But the storm is far from over.
Gold prices have been on a meteoric rise in 2025, shattering records and stirring excitement and anxiety among investors.
On April 14 2025, gold briefly touched an all-time high of $3,245.42 per ounce before retreating to $3,213.69 as of 1:52 p.m. ET.
But, How Did We Get Here?
President Trump’s looming semiconductor duties still hang over markets, though, keeping volatility alive.
“The exemption boosted risk appetite, leading to reduced demand for gold,” noted analyst Tim Waterer, yet “ongoing trade tensions and a weaker U.S. dollar continue to create uncertainty,” he warned.
This slight dip followed the White House’s announcement exempting smartphones and computers from steep tariffs on China.
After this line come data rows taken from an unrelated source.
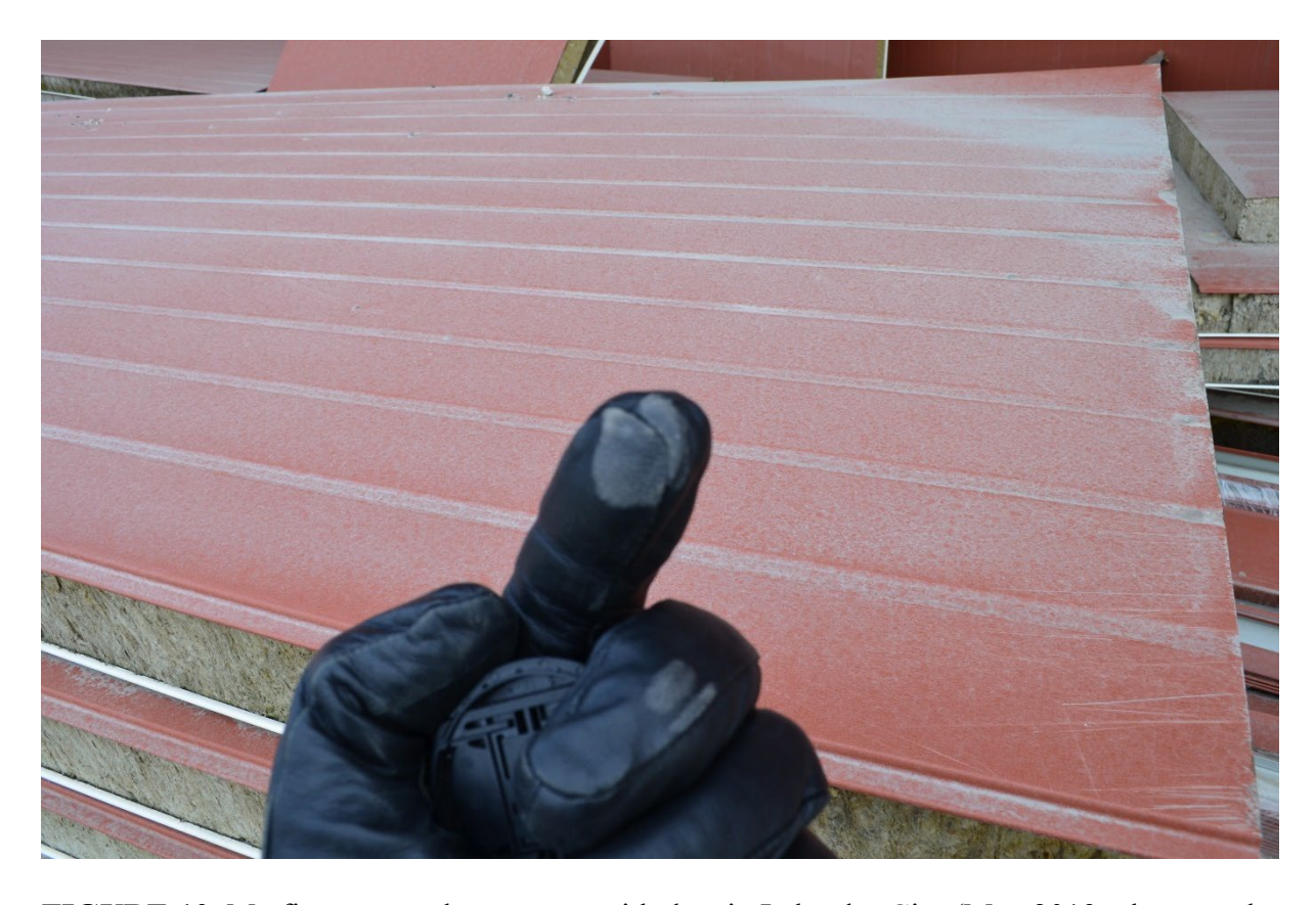
FIGURE 10. My first personal encounter with dust in Labrador City (May 2019).
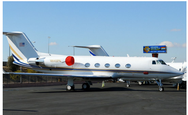
Grumman Gulfstream II Intake Covers
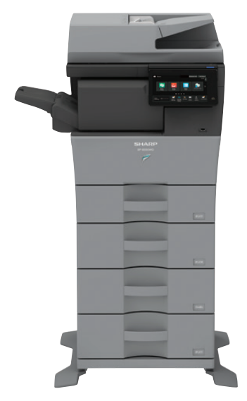
BP-B550WD shown with Inner Finishing Unit in a 4-drawer configuration.
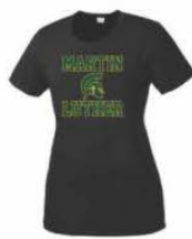
5 Color Option(s) $15.00 Sport-Tek Ladies PosiCharge Competitor Tee
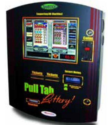
A typical pull-tab lottery ticket dispenser

A lottery ticket that is dispensed via a lottery ticket vending machine must comply with the Act and any requirements of the registration or licence held that are relevant to the type of lottery offered.
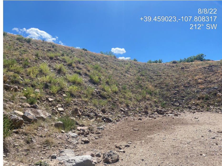
Photo 4. Photo taken from the south of the Location shows the cut slope is stabilized with perennial vegetation.
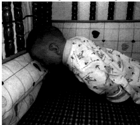
Figure 1: Death scene reconstruction with a mannequin. 15
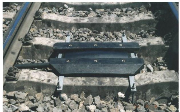
Fig. 2. RF Reader fixed between two railroad ties
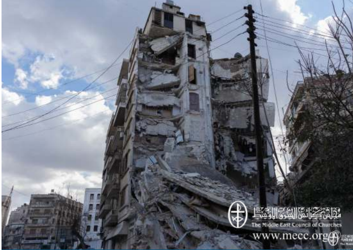
Album 1- The Scenes of Destructions in Syria In Some Photos Taken by MECC
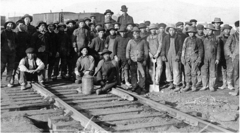
Chinese workers on the Transcontinental Railroad circa 1850
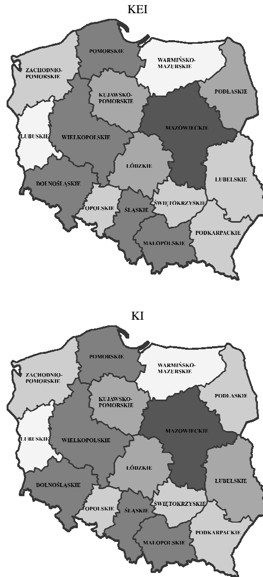
Figure 3. Maps of the KEI and KI 2011

In order to observe the spatial relationship (see figure 3) maps of KEI and KI, for the year 2011, as for 2003 were constructed. Similarly to figure 2, the darker colour means the higher value of the measures and the lighter colour, the lower value of the measures.
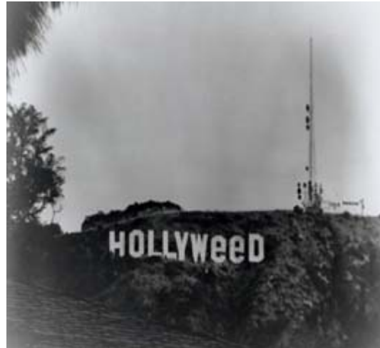
This epic prank belies the conventional wisdom that marijuana stifles initiative (1973)

Adding insult to injury, pranksters altered the Sign's letters to read "Hollyweed" in 1973 (advocating looser marijuana laws) then later, to "Holywood", commemorating a visit from Pope John Paul II in 1987.
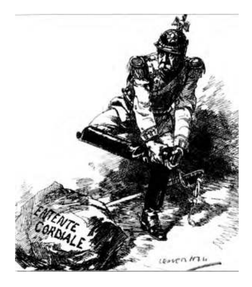
A cartoon about the Second Moroccan Crisis published in August 1911. The figure representing Germany is saying 'Oh No! It's rock. I thought it was going to be paper.'
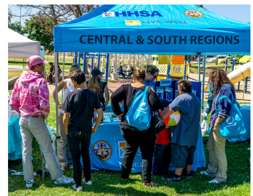
Let's Connect EXPO

Read the full 2016-2017 Partners Report online: LiveWellSDPartnersReport.org
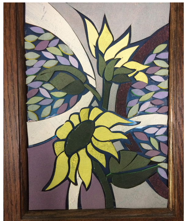
Seeds. (Sunflowers are my favorite flower)

I've done 6 panels. 6 more to go to finish first cabinet. One will have to be a corona virus (representing clever viruses everywhere). More pics of my progress (next page) . . .

This momentarily improved risk sentiment and reduced the safe-haven appeal of gold.
However, the underlying factors driving gold’s ascent remain potent.
Goldman Sachs has raised its year-end forecast for gold to $3,700 per ounce.
This shows stronger-than-expected central bank demand and heightened recession risks that can affect ETF inflows.
Technical analysts suggest that gold’s rally is far from over, with potential upside targets of $3,380 based on current trends.
It Isn’t Just Gold Taking a Breather
Silver slipped over 1% to $31.89 per ounce, while Platinum edged up 0.4% to $945.96, and Palladium climbed 1% to $924.60.
These mixed moves tell us that while gold steals headlines, the entire precious‑metals complex is jittery.
What About Its Shares?
In the broader market, the SPDR Gold Shares ETF (GLD) is currently trading at $296.23.
This price reflects the ongoing volatility and investor interest in gold-backed assets.
As Global Economic Uncertainties Persist…
…gold continues to be a focal point for investors seeking a hedge against volatility.
While the recent pullback may offer a brief respite, the factors propelling gold’s rise suggest that the precious metal’s journey is far from over.